Now that's a good question and that's where my geekship has some holes in it. I'm not quite up on the concept of "present value of a stream of payments." My education stops at around the IRR 101 class. I'll work on this because it's important and might come up again in some other way. Like buying discounted mortgages, etc.

thank you for taking the time.
 
It's an IRR calculation:

PV = $4,000
FV = 0
PMT = $250
N = 20 months

IRR = 2.22% per month, or 26.7% annualized

In other words, you would need to invest the $4,000 at an annual rate of return of 26.7% to generate the payment stream to retire the $5,000 debt in 20 months.

If you paid $200 per month for 25 months, you would need to earn 21.5% annual on the $4,000 to generate the required payment stream.
 
IRR is the best method, but if that 21.5% required return is not convincing, how 'bout this simplistic approach.
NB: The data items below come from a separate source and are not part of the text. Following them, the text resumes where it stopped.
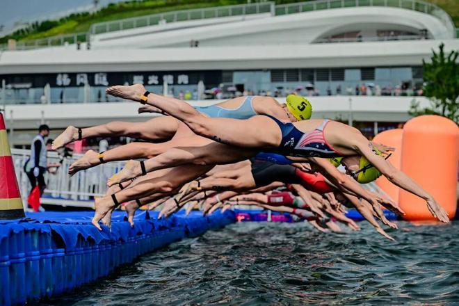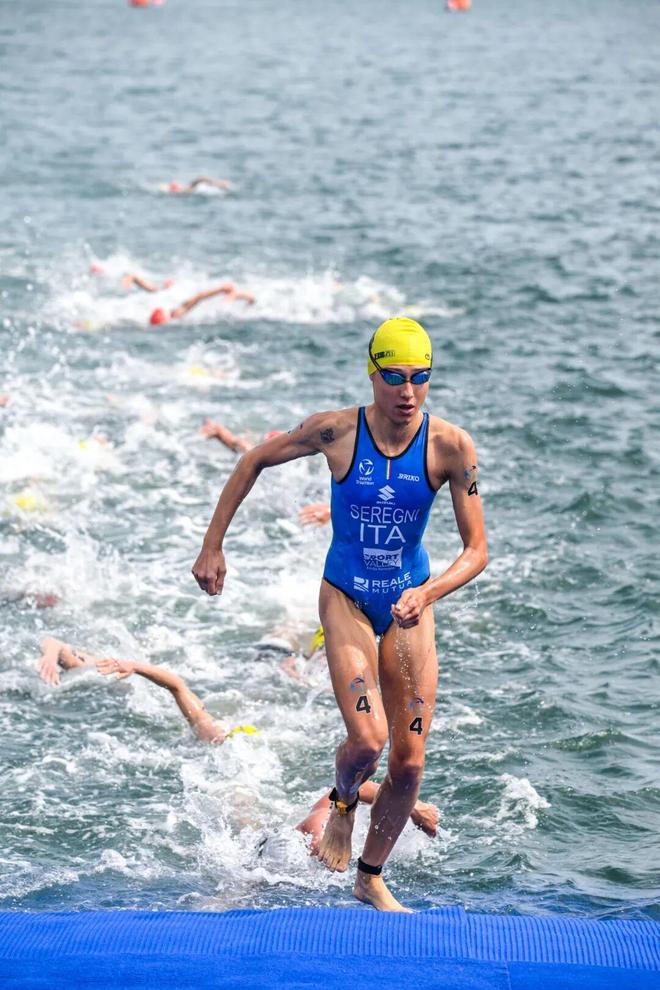 游泳赛段的竞争从跳发瞬间便进入白热化,1.5公里的游泳赛段中,选手们如离弦之箭般劈波斩浪。最终,来自意大利的年轻小将比安卡·塞雷尼(Bianca Seregni)凭借出色的游泳能力脱颖而出,以00:19:26的成绩率先起水,进入转换区。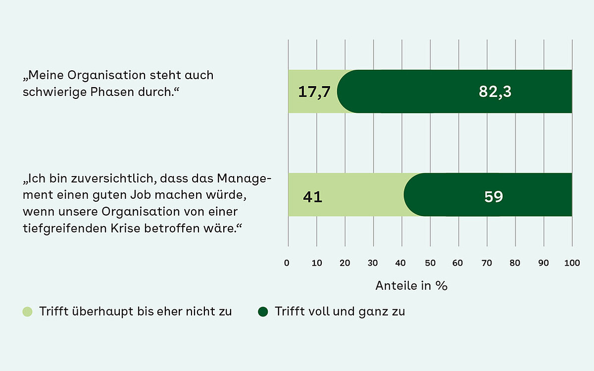 Doch wie ist es um die Krisenfestigkeit von Unternehmen bestellt? Nach einer im Fehlzeiten-Report 2023 veröffentlichten repräsentativen Umfrage des Wissenschaftlichen Instituts der AOK (WIdO) bewertet die Mehrheit der Beschäftigten das Krisenmanagement ihres Unternehmens insgesamt positiv (52,2 Prozent). 82,3 Prozent der Befragten sind zudem der Ansicht, dass ihr Betrieb auch schwierige Phasen durchstehen kann. Und 59 Prozent der Befragten sind zuversichtlich, dass das Management einen guten Job machen würde, wenn das Unternehmen von einer tiefgreifenden Krise betroffen wäre.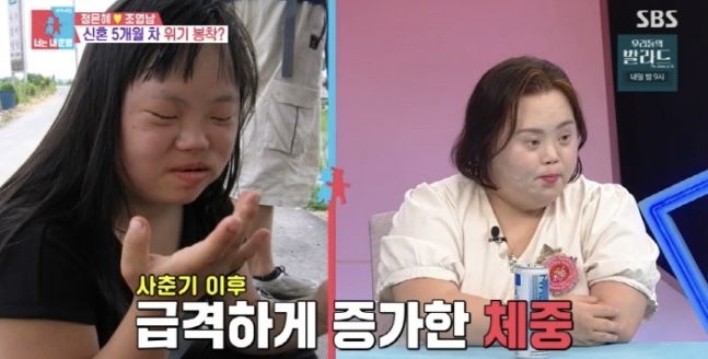 [서울=뉴시스]동상이몽.(사진=SBSTV캡처)[email protected]*재판매및DB금지[서울=뉴시스]이재훈기자=다운증후군작가정은혜가악플때문에다이어트를시작했다.29일방송된SBSTV가족예능물'동상이몽2-너는내운명'에는정은혜,조영남부부가식단관리를하는모습이그려졌다.조영남은이날방송에서정은혜를위해건강식을차렸다.이들부부는하루한끼를건강식으로먹는생활을한달동안유지하고있다.해당장면을VCR로지켜보던정은혜모친은"은혜학창시절부터고민인게살이다.사춘기이후급격하게쪘다.대사가잘안돼문제가생기는것같다"고안타까워했다.다운증후군증상인낮은기초대사량이체중증가원인으로추정된다.정은혜어머니는"인터넷댓글에서살로계속공격을당하고있다"라며분노했다.정은혜는이전보다살이확실히빠진모습이었다.MC김구라는"진짜몰라봤다"라며놀랐다.정은혜는tvN'우리들의블루스'(2022)에서'이영옥'(한지민)쌍둥이언니'이영희'를연기해주목받았다.남자친구이던조영남과지난5월결혼했다.☞공감언론뉴시스[email protected]©뉴시스.무단전재및재배포금지.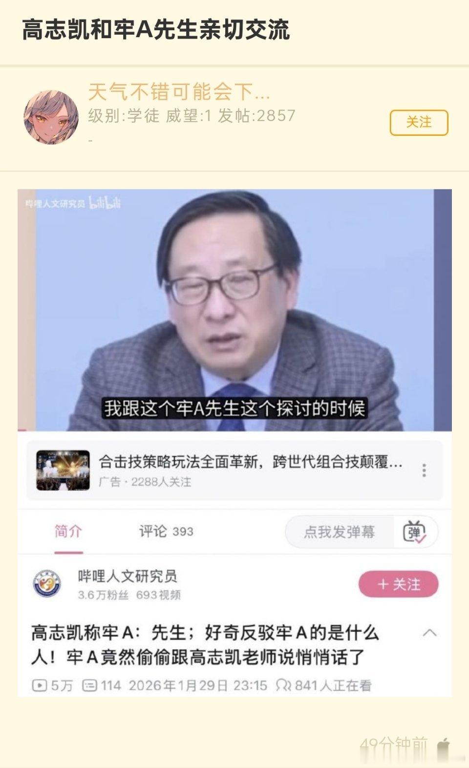 🔻高志凯和牢A先生亲切交流。🔻讨论美国斩杀线。牢A发博澄清网络谣言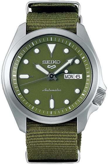 Semplicità e comfort nei modelli Seiko 5 sport. Diametro di cassa di soli 40mm. spessore ridotto al minimo per contenere lo spettacolare movimento 4R36, 24 rubini 21600 alternanze ora,riserva di carica di oltre 41ore.Lunetta sottile per conferire uno stile minimal, perfetto in ogni occasione, adatto a qualsiasi polso. Design pulito ed essenziale, puoi divertirti ad applicare bracciali in gomma, acciaio o come in questo caso bracciale "nato" verde, -multi resistente. Fondello avvitato con vista movimento, vetro Hardlex ad alta resistenza, indici e sfere con lumibrite per una visione notturna. Corona a pressione con funzioni carica/cambio data/fermo macchina. Seiko 5 sport: le cinque caratteristiche della linea: movimento automatico/visualizzazione giorno e data/wr. 10bar/corona a ore 4/cassa e bracciale costruiti per resistere e durare.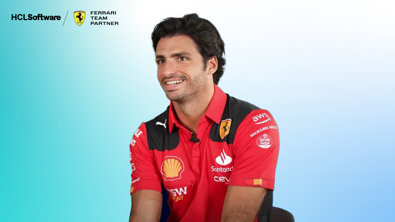 法拉利车队的明星赛车手 Carlos Sainz 快速回答了一系列关于他最喜欢的话题的提问——以及他对 HCLSoftware 的了解程度。

Assuming you hold on to $5000 at even 2% (not easy today), and pay $250/month from other sources:
After 20 months debt is paid off and you'll have ~$5170 in the bank.
Or, withdraw $4000, and deposit $250/month back into the account. After 20 months, you'd have ~$6275 in the bank.
No matter how you slice it, accepting that discount offer is a clear-cut winner.
 
thank you

Thanks so much all of you. I need to go to the next level in my "financial analysis" skills. Take care and be well.